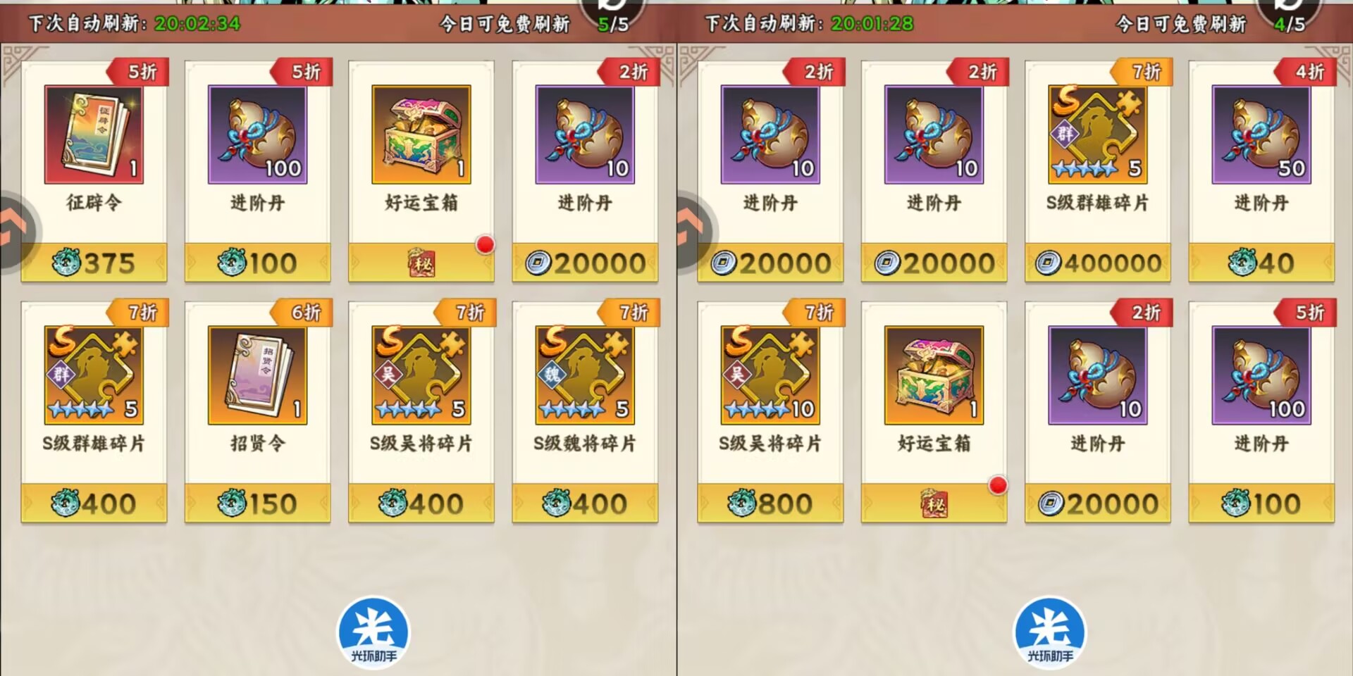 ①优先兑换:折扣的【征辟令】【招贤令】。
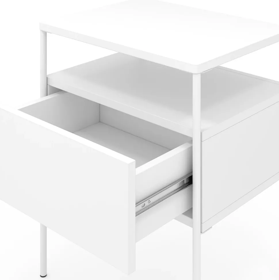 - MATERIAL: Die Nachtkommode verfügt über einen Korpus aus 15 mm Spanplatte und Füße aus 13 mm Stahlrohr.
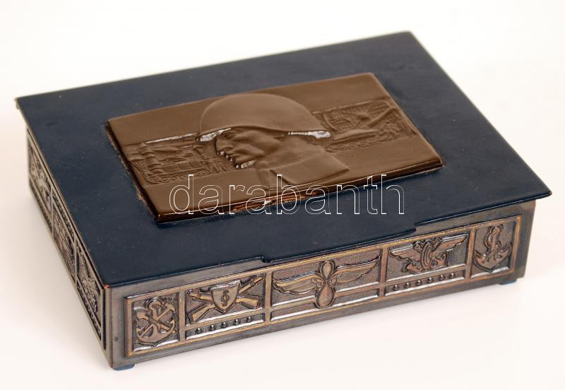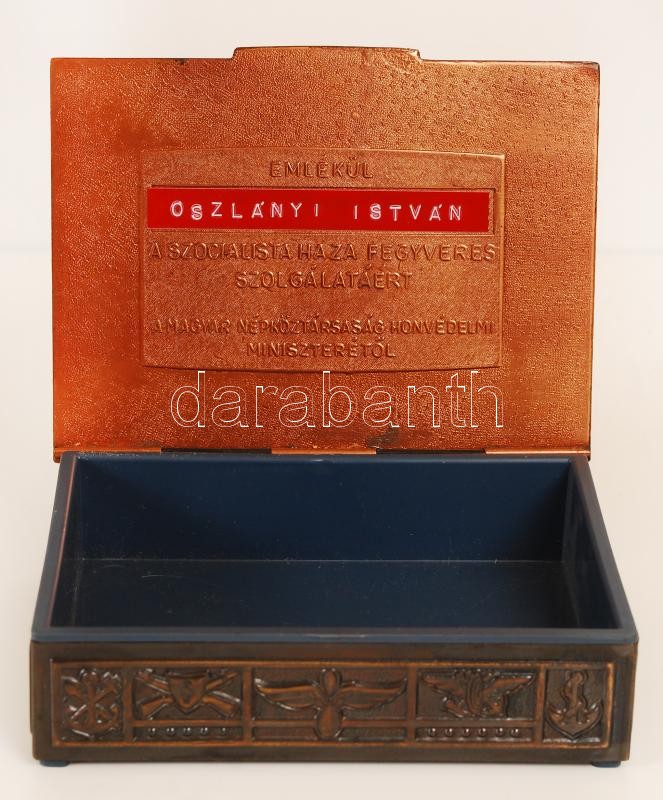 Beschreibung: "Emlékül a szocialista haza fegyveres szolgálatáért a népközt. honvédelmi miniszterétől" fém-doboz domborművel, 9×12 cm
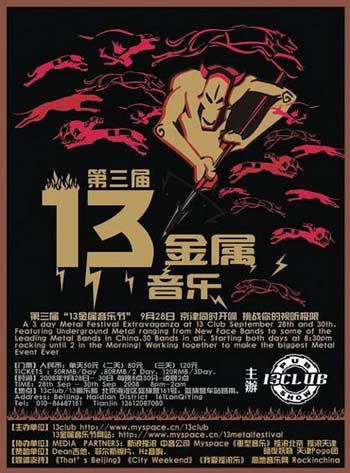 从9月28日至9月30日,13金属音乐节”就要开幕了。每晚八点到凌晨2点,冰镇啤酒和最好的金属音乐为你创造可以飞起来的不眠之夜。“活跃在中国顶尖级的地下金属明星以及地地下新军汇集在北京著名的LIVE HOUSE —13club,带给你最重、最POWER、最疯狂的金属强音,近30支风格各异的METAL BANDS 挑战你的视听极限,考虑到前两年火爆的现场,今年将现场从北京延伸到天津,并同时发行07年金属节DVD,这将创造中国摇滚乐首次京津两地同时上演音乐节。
══════════════════════════════
## [Task objective]
Any picture in the listing is to be omitted. Return exactly the lines from the one containing "- MATERIAL: Die" through its last line, both included, and only those.

## [The answer]
 - MATERIAL: Die Nachtkommode verfügt über einen Korpus aus 15 mm Spanplatte und Füße aus 13 mm Stahlrohr.
 Beschreibung: "Emlékül a szocialista haza fegyveres szolgálatáért a népközt. honvédelmi miniszterétől" fém-doboz domborművel, 9×12 cm
 从9月28日至9月30日,13金属音乐节”就要开幕了。每晚八点到凌晨2点,冰镇啤酒和最好的金属音乐为你创造可以飞起来的不眠之夜。“活跃在中国顶尖级的地下金属明星以及地地下新军汇集在北京著名的LIVE HOUSE —13club,带给你最重、最POWER、最疯狂的金属强音,近30支风格各异的METAL BANDS 挑战你的视听极限,考虑到前两年火爆的现场,今年将现场从北京延伸到天津,并同时发行07年金属节DVD,这将创造中国摇滚乐首次京津两地同时上演音乐节。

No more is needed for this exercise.